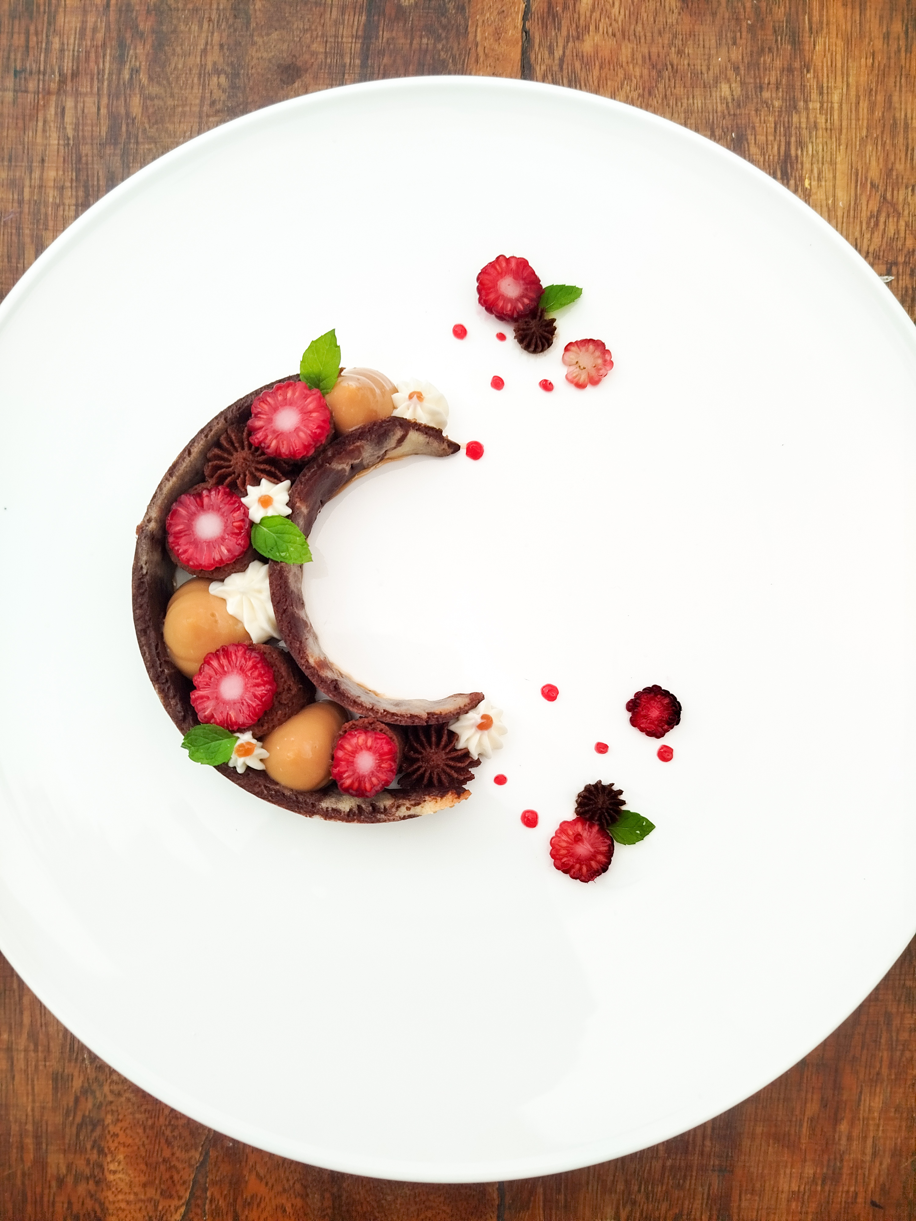 Para la masa Sucree:Cremar la mantequilla y el azúcar glass, incorporar el huevo, mezclar hasta homogenizar para luego añadir la harina y el cacao tamizado integrando sin amasar hasta formar una masa, llevar a refrigerar, luego estirar y cortar tiras para colocar en un aro de 14cm y en uno de 10cm solo hasta la mitad formando una media luna, llevar al horno por 10min a 180c
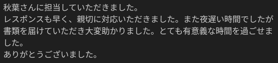 そのうえで、レスポンスの早さや親切な対応をお褒めいただき、本当に嬉しく思っております。
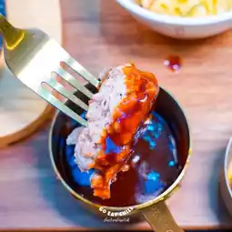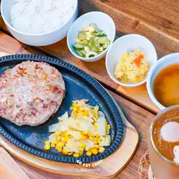 This is the 🐷Hamburg Steak Set: Pork Hamburg menu. The restaurant starts with selecting premium pork with low fat, grinding it, and marinating it with Chef Phi Chin's secret spices. Grilling the pork on the pan requires timing and checking the temperature of each dish to get the right doneness. Eat it with Japanese rice or bread rolls, freshly baked every day, using the bread roll recipe from a famous Japanese health bakery, Tarakasuka PandN. The sauce is so delicious.
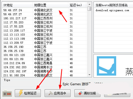 接着点击【检测延迟】,然后选中延迟最低的地址,点击【应用选中】即可进行加速

_Task directions_. Extract, word for word, every line from the one holding "This is the" through the closing line of the data above. Do not include any pictures.

_Written solution_.
 This is the 🐷Hamburg Steak Set: Pork Hamburg menu. The restaurant starts with selecting premium pork with low fat, grinding it, and marinating it with Chef Phi Chin's secret spices. Grilling the pork on the pan requires timing and checking the temperature of each dish to get the right doneness. Eat it with Japanese rice or bread rolls, freshly baked every day, using the bread roll recipe from a famous Japanese health bakery, Tarakasuka PandN. The sauce is so delicious.
 接着点击【检测延迟】,然后选中延迟最低的地址,点击【应用选中】即可进行加速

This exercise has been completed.